### EXERCISE
Word for word, restate the lines from the top of the records below through the line with "ประกาศรายชื่อผู้เข้าอบรมออนไลน์ : วันเสาร์ที่", both included, with no pictures in the result.

### EXERCISE DATA

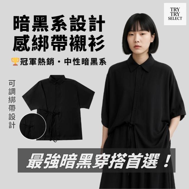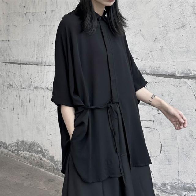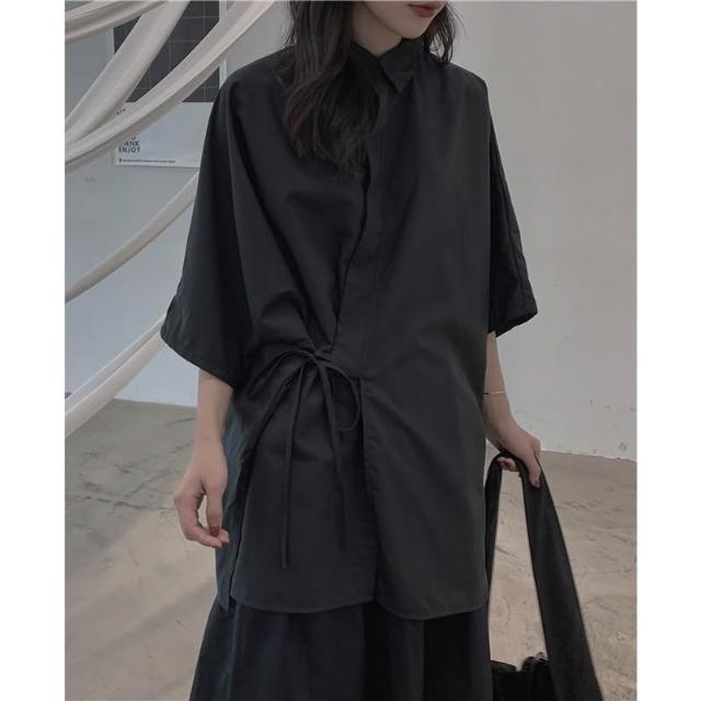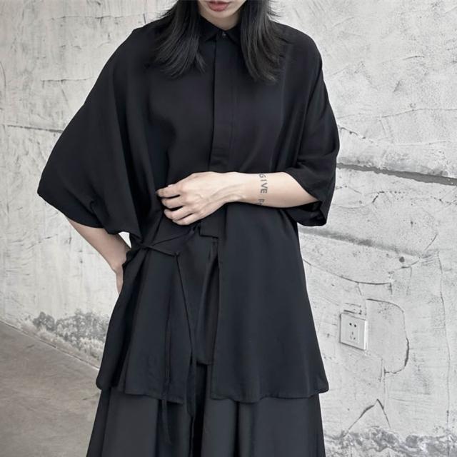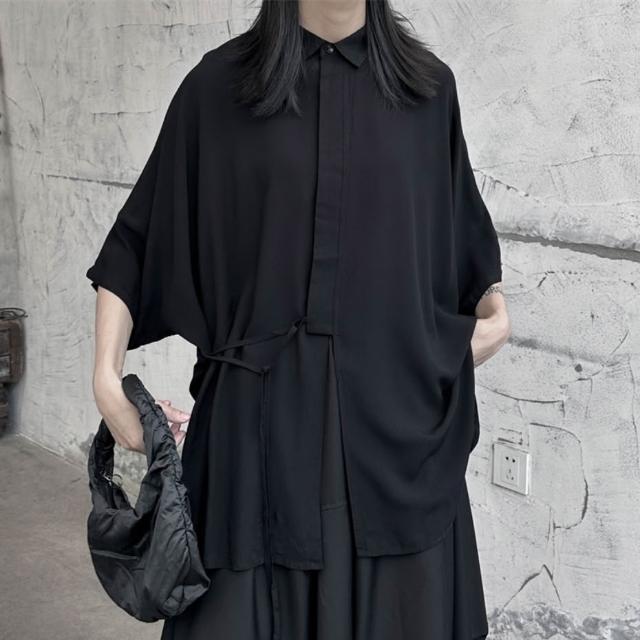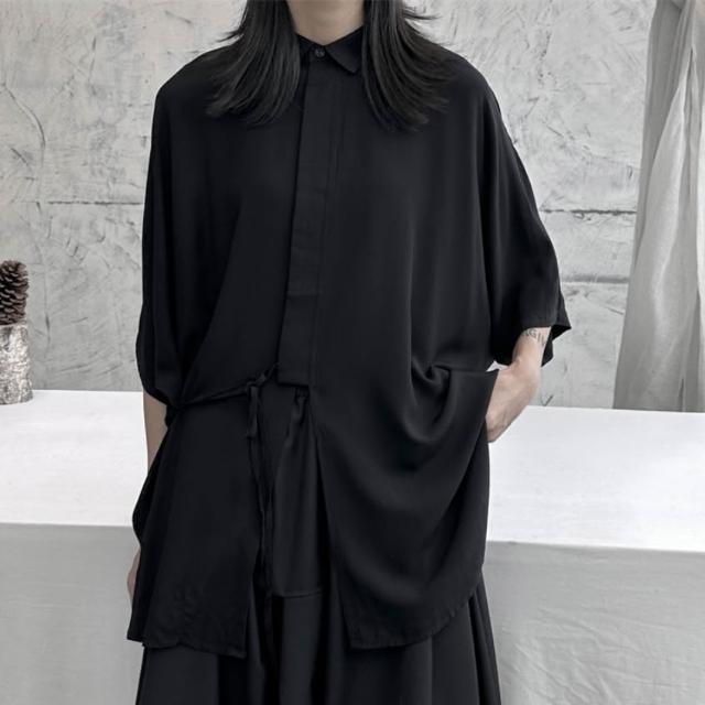 ✦暗黑系設計感短袖綁帶襯衫 中式上衣 寬鬆剪裁日系風【穿穿trytry】
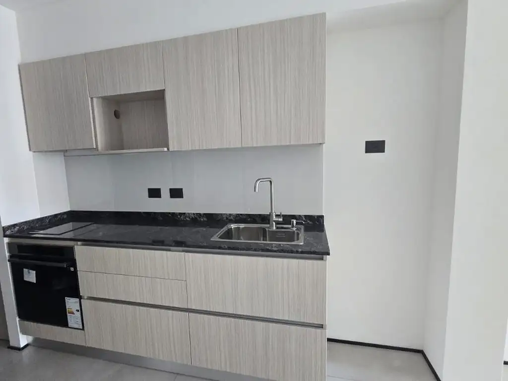 Living-comedor con cocina integrada completa (muebles bajo mesada y alacena), baño moderno, placares de pared a pared, calefacción por piso radiante eléctrico individual, aberturas DVH de alta prestación y pisos de porcelanato.
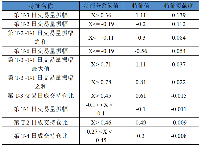 在时序数据预测的业务问题中,预测结果的可解释性是一个重点关注领域。针对融合模型,如何高效直观的解释预测结果成为一个挑战。本文使用LIME(Local Interpretable Model-agnostic Explanation)4 方法对预测结果进行解释,量化不同特征对于预测结果的贡献度。以CF1805在2018年1月11日的交易量预测为例,真实值为46484手,模型预测值为49865手。使用LIME方法解释该预测结果,按照倒序排列,挑选对于预测结果影响最大的十个特征,具体见表9。表中共四列,第一列为特征具体名称,第二列为根据LIME计算的特征分叉阈值,第三列为特征实际值,第四列为特征贡献度。其中,特征分叉阈值意味着当特征值超过阈值时,该特征将对于最终预测结果产生影响。一般来说,LIME方法中的特征贡献度主要应用于评估分类问题中各个特征对于预测结果的影响大小。而本文的实际问题归属于数值回归,特征贡献度仍然可以表征该特征对于最终结果的正负影响度。举例来说,特征贡献度绝对值最大的是“第T-3日交易量振幅”这个特征,该特征分叉阈值为0.36,而真实值为1.11,远高于阈值。因此这个特征被LIME判定为对于最终结果贡献系数为0.139,即该参数值对于模型最终结果贡献了13.9%的正向影响。同时,我们可观察到特征“第T-3交易日成交持仓比”贡献度为-0.015,即该特征大小对最终预测结果影响为负1.5%。
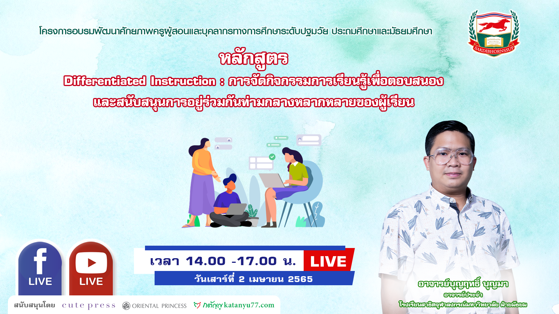 ประกาศรายชื่อผู้เข้าอบรมออนไลน์ : วันเสาร์ที่ 2 เมษายน 2565 เวลา 14.00-17.00 น. วิทยากร : อาจารย์บุญฤทธิ์ บุญมา
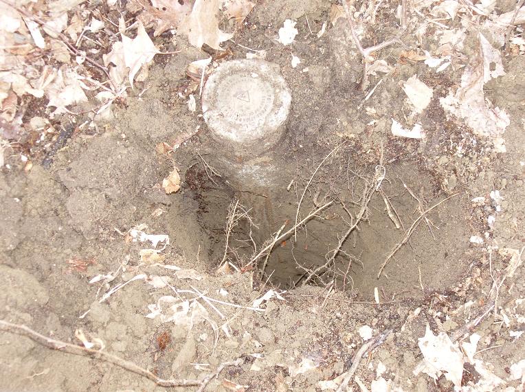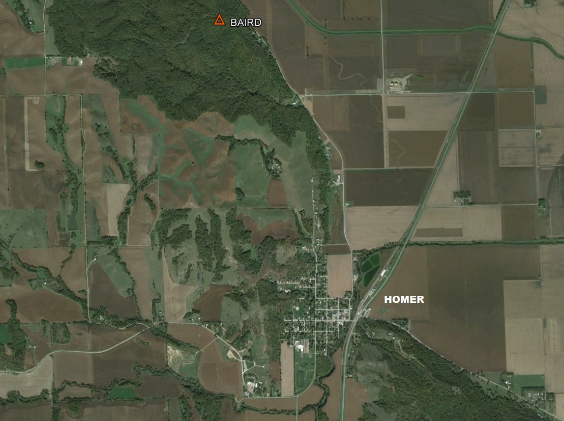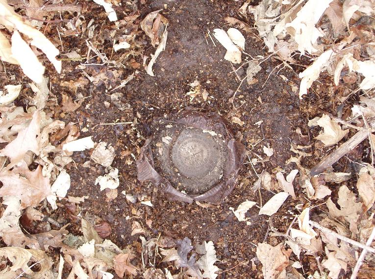 The monument marking the Missouri River Commission (MORC) triangulation station known as "Baird" is an example where the United States Coast & Geodetic Survey either found the original cast iron MORC cap missing on the pipe or they replaced it with their own brass disk by filling the pipe with concrete. The C&GS brass disk was set in 1948. What is not clear is whether C&GS first dug down to the stone to verify that the pipe was centered over the drill hole in the MORC stone.Triangulation station "Baird" is located on a high tree-covered bluff just northwest of the town of Homer, Nebraska. The original MORC description stated that the location was 1/2 mile southeast of Colonel Baird's house which is most likely how the station obtained its name. The house was probably next to a spring nearby known as Baird's Spring which is along the foot of the bluffs. Today the station is poor for GPS use due to the many trees that surround the area, but one can imagine the spectacular view that this location once offered. There is evidence of use of this marker by the U. S. Army Corps of Engineers by finding three COE reference disks in concrete in addition to the two reference marks placed by USC&GS in 1948.
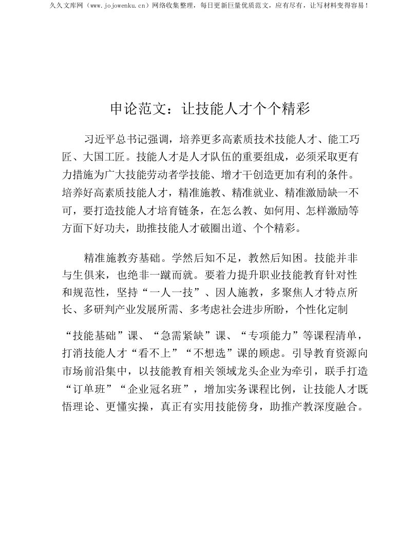 申论范文:让技能人才个个精彩
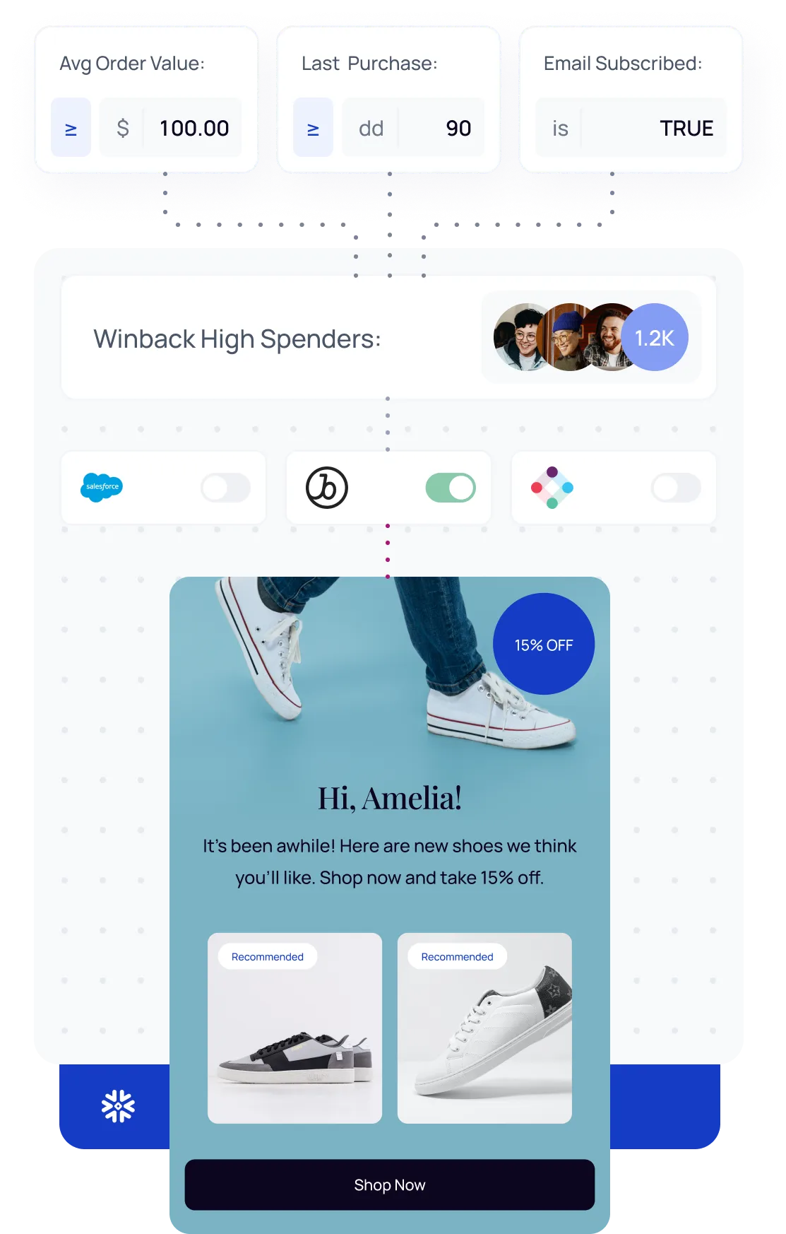 Create precise audiences and sync them to your marketing channels in minutes so you can focus on optimizing campaigns, not shipping them.

### WRITTEN SOLUTION
 ✦暗黑系設計感短袖綁帶襯衫 中式上衣 寬鬆剪裁日系風【穿穿trytry】
 Living-comedor con cocina integrada completa (muebles bajo mesada y alacena), baño moderno, placares de pared a pared, calefacción por piso radiante eléctrico individual, aberturas DVH de alta prestación y pisos de porcelanato.
 在时序数据预测的业务问题中,预测结果的可解释性是一个重点关注领域。针对融合模型,如何高效直观的解释预测结果成为一个挑战。本文使用LIME(Local Interpretable Model-agnostic Explanation)4 方法对预测结果进行解释,量化不同特征对于预测结果的贡献度。以CF1805在2018年1月11日的交易量预测为例,真实值为46484手,模型预测值为49865手。使用LIME方法解释该预测结果,按照倒序排列,挑选对于预测结果影响最大的十个特征,具体见表9。表中共四列,第一列为特征具体名称,第二列为根据LIME计算的特征分叉阈值,第三列为特征实际值,第四列为特征贡献度。其中,特征分叉阈值意味着当特征值超过阈值时,该特征将对于最终预测结果产生影响。一般来说,LIME方法中的特征贡献度主要应用于评估分类问题中各个特征对于预测结果的影响大小。而本文的实际问题归属于数值回归,特征贡献度仍然可以表征该特征对于最终结果的正负影响度。举例来说,特征贡献度绝对值最大的是“第T-3日交易量振幅”这个特征,该特征分叉阈值为0.36,而真实值为1.11,远高于阈值。因此这个特征被LIME判定为对于最终结果贡献系数为0.139,即该参数值对于模型最终结果贡献了13.9%的正向影响。同时,我们可观察到特征“第T-3交易日成交持仓比”贡献度为-0.015,即该特征大小对最终预测结果影响为负1.5%。
 ประกาศรายชื่อผู้เข้าอบรมออนไลน์ : วันเสาร์ที่ 2 เมษายน 2565 เวลา 14.00-17.00 น. วิทยากร : อาจารย์บุญฤทธิ์ บุญมา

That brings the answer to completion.